In all criminal prosecutions, the accused shall enjoy the right to a speedy and public trial, by an impartial jury of the state and district wherein the crime shall have been committed, which district shall have been previously ascertained by law, and to be informed of the nature and cause of the accusation; to be confronted with the witnesses against him; to have compulsory process for obtaining witnesses in his favor, and to have the assistance of counsel for his defense.
Habeous Corpus. In other words, if someone is in jail, there better be charges brought against them. Ideally, one should not be in jail just because we think the person is, say, a "terrorist".
Sadly, this is being forgotten in our zealous "war on terrorism". People are being held in Guanajuanto Bay in Cuba because we think they might be terrorists. We do not have evidence nor charges against these people; they are being held in violation of the sixth amendment of the constitution.
George Bush should read the Bill of Rights again; what he is doing to these people is clearly un-American.
In suits at common law, where the value in controversy shall exceed twenty dollars, the right of trial by jury shall be preserved, and no fact tried by a jury, shall be otherwise reexamined in any court of the United States, than according to the rules of the common law.
I, for one, feel that lawsuits have gone too far. In particular, I think the members of the Jury in a lawsuit should be selected by a random process, and that the lawyer's ability to select or reject jury members should be severely limited.
I also feel that Juries need to come to a unanimous decision for a civil suit to award damages to the plaintiff.
That said, lawsuits are much better than the old system of the person with the most money hiring people to beat up the person who they had a grievance with.
Excessive bail shall not be required, nor excessive fines imposed, nor cruel and unusual punishments inflicted.
In the name of the "war on drugs", we are arresting people and putting them in jail for long periods of time. We are arresting them, even though their crimes are victimless. Once someone goes to jail, their chances of becoming a hardened criminal increase; their chances of getting a job and contributing to society again decrease.
We need to think long and hard before putting someone in jail, or fining them so much they become bankrupt. Should someone who is just experimenting with drugs be forced to spend years in jail? Our "war on drugs" thinks so; the Constitution thinks not.
On a similar vein, should a restaurant be forced out of business because someone spills coffee on their legs and sues them?
The enumeration in the Constitution, of certain rights, shall not be construed to deny or disparage others retained by the people.
In other words, the Constitution exists to give people rights, not take the rights away.
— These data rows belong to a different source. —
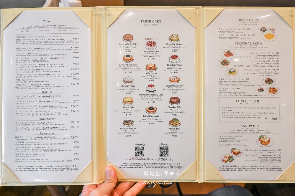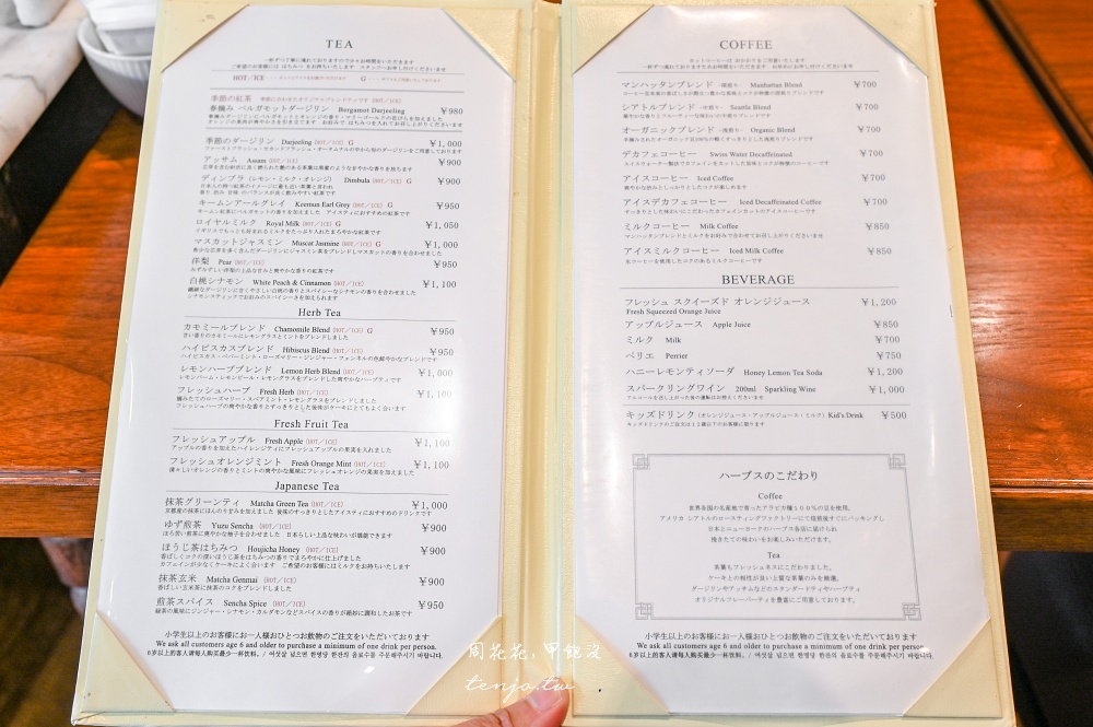 《HARBS 榮本店》菜單如下,內用低消每人一杯飲料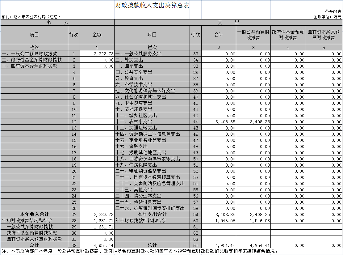 隨州市農業農村局(匯總)2020年無國有資本經營預算財政撥款收入和支出,故國有資本經營預算財政撥款支出決算表(公開09表)無數據。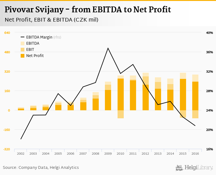 As far as Pivovar Svijany's peers are concerned, Heineken Czech Republic posted net and EBITDA margin of 5.26% and 17.0%, respectively in 2016, Budejovicky Budvar generated margins of 10.1% and 22.3% and Plzensky Prazdroj profit margin reached 26.0% on the net and 44.5% on the EBITDA level in 2019.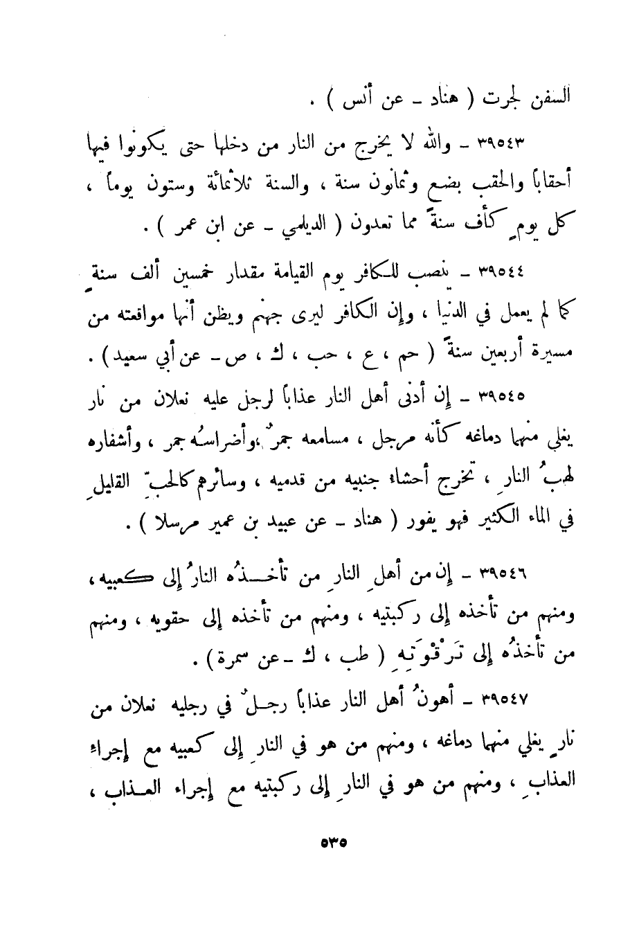 39545- "إن أدنى أهل النار عذابا لرجل عليه نعلان من نار يغلى منهما دماغه كأنه مرجل، مسامعه جمر، وأضراسه جمر، وأشفاره لهب النار، تخرج أحشاء جنبيه من قدميه، وسائرهم كالحب القليل في الماء الكثير فهو يفور." هناد - عن عبيد بن عمير مرسلا".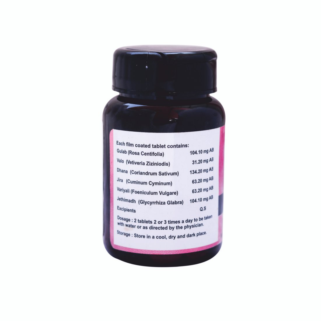 Composition: Each tablet contains: Gulab 104.10 mg, Valo 31.20 mg, Dhana 134.20 mg, Jira 63.20, Variyali 63.20 mg, Jethimadh 104.10 mg.

The powers not delegated to the United States by the Constitution, nor prohibited by it to the states, are reserved to the states respectively, or to the people.
Another amendment forgotten in these times. I think there is something wrong with a system where the lion's share of personal income taxes go to the federal government, and where the federal government then turns around and gives the money back to the states under grant programs. Such money should be given directly to the states via state income tax.
Our federal government has become too powerful. We need to remember amendment 10 and give more power back to the states again.
In closing, on this 4th of July weekend, I want to see America not be so un-American any more, and go back to our roots: The Constitution and the Bill of Rights.